Q40. D is a 3-digit number such that the ratio of the number to the sum of its digits is least. What is the difference between the digit at the hundred's place and the digit at the unit's place of D?

Let the 3-digit number be 100X + 10Y + Z. The sum of its digits is X + Y + Z. We want to minimize the ratio (100X + 10Y + Z) / (X + Y + Z). To minimize this ratio, we generally look for numbers where the hundreds digit (X) is small, and the sum of digits (X+Y+Z) is large.

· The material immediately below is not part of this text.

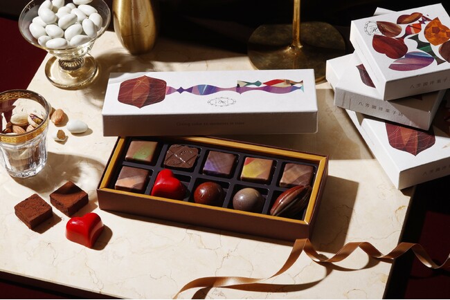 「大丸東京店」で取り扱う商品は、「八芳園洋菓子店」のショコラティエが厳選したカカオで仕立て、ひと粒ごとに趣向を凝らしたショコラを詰め合わせた「ボンボンショコラ」。定番の詰め合わせに加え、「大丸東京店」では、通常商品とは異なるラインアップで詰め合わされた6個入りと、通常の詰め合わせには含まれない2種のボンボンショコラを含む12個入りの「ボンボンショコラコンプリートBOX」を、「大丸東京店」限定の詰め合わせとして販売いたします。

Let's test numbers starting with the smallest possible hundreds digit, X=1: - For 100, ratio = 100 / (1+0+0) = 100. - For 109, ratio = 109 / (1+0+9) = 10.9. - For 119, ratio = 119 / (1+1+9) = 10.81.

- For 199, ratio = 199 / (1+9+9) = 199/19 ≈ 10.47. If we try numbers with X=2, e.g., 299, the ratio is 299 / (2+9+9) = 299/20 = 14.95, which is higher than 10.47. As the hundreds digit increases, the numerator grows much faster than the denominator, so the ratio will increase.

Thus, the number D that yields the least ratio is 199. For D=199, the digit at the hundred's place is 1, and the digit at the unit's place is 9. The difference between these digits is |1 - 9| = 8.

This question requires numerical reasoning and systematic testing, a common type in CSAT.